:: Record set

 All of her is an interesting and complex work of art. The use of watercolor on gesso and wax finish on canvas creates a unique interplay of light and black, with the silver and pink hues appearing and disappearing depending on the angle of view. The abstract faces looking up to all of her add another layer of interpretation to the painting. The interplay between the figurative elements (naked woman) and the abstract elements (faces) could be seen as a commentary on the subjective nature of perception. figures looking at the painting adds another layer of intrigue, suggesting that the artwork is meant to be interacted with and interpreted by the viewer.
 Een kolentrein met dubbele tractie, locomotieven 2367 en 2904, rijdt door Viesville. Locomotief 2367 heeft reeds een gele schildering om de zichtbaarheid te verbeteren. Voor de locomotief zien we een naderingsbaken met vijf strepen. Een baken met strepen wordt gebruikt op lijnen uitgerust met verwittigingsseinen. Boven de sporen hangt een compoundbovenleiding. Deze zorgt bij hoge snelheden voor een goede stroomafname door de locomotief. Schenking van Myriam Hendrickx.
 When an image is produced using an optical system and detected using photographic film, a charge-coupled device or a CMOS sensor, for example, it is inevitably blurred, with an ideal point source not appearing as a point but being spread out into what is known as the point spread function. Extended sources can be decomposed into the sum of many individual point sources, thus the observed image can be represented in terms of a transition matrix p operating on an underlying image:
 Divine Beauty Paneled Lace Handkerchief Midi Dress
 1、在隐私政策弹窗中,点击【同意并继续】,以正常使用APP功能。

::::
:: Record set

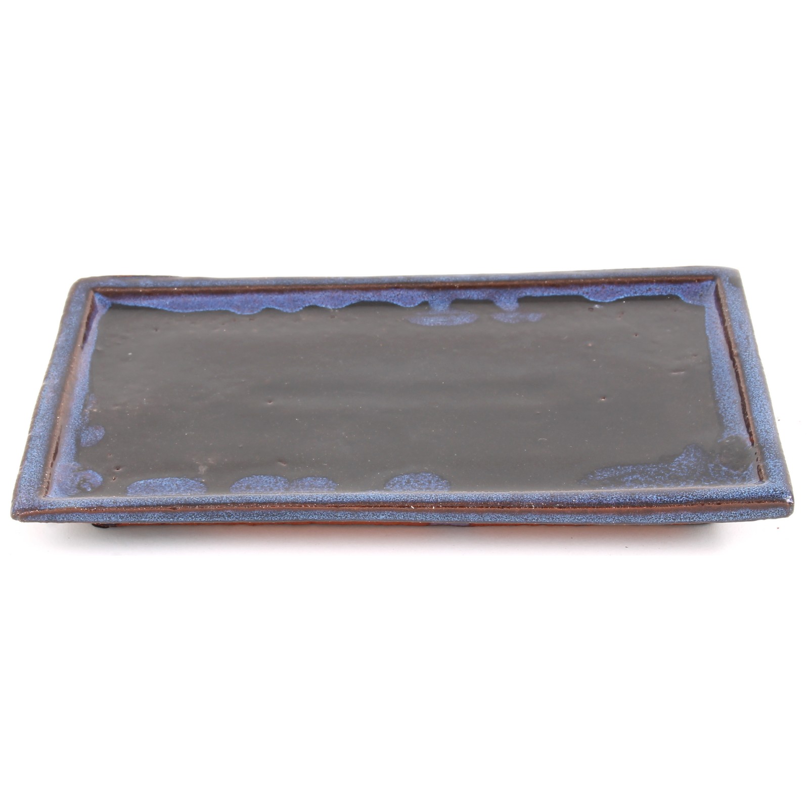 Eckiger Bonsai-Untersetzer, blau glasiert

::::

[Your objective] Copy the lines above exactly, beginning at the line that has "All of her is" and stopping after the line that has "Een kolentrein met", and omit the rest.

[Exercise output]
 All of her is an interesting and complex work of art. The use of watercolor on gesso and wax finish on canvas creates a unique interplay of light and black, with the silver and pink hues appearing and disappearing depending on the angle of view. The abstract faces looking up to all of her add another layer of interpretation to the painting. The interplay between the figurative elements (naked woman) and the abstract elements (faces) could be seen as a commentary on the subjective nature of perception. figures looking at the painting adds another layer of intrigue, suggesting that the artwork is meant to be interacted with and interpreted by the viewer.
 Een kolentrein met dubbele tractie, locomotieven 2367 en 2904, rijdt door Viesville. Locomotief 2367 heeft reeds een gele schildering om de zichtbaarheid te verbeteren. Voor de locomotief zien we een naderingsbaken met vijf strepen. Een baken met strepen wordt gebruikt op lijnen uitgerust met verwittigingsseinen. Boven de sporen hangt een compoundbovenleiding. Deze zorgt bij hoge snelheden voor een goede stroomafname door de locomotief. Schenking van Myriam Hendrickx.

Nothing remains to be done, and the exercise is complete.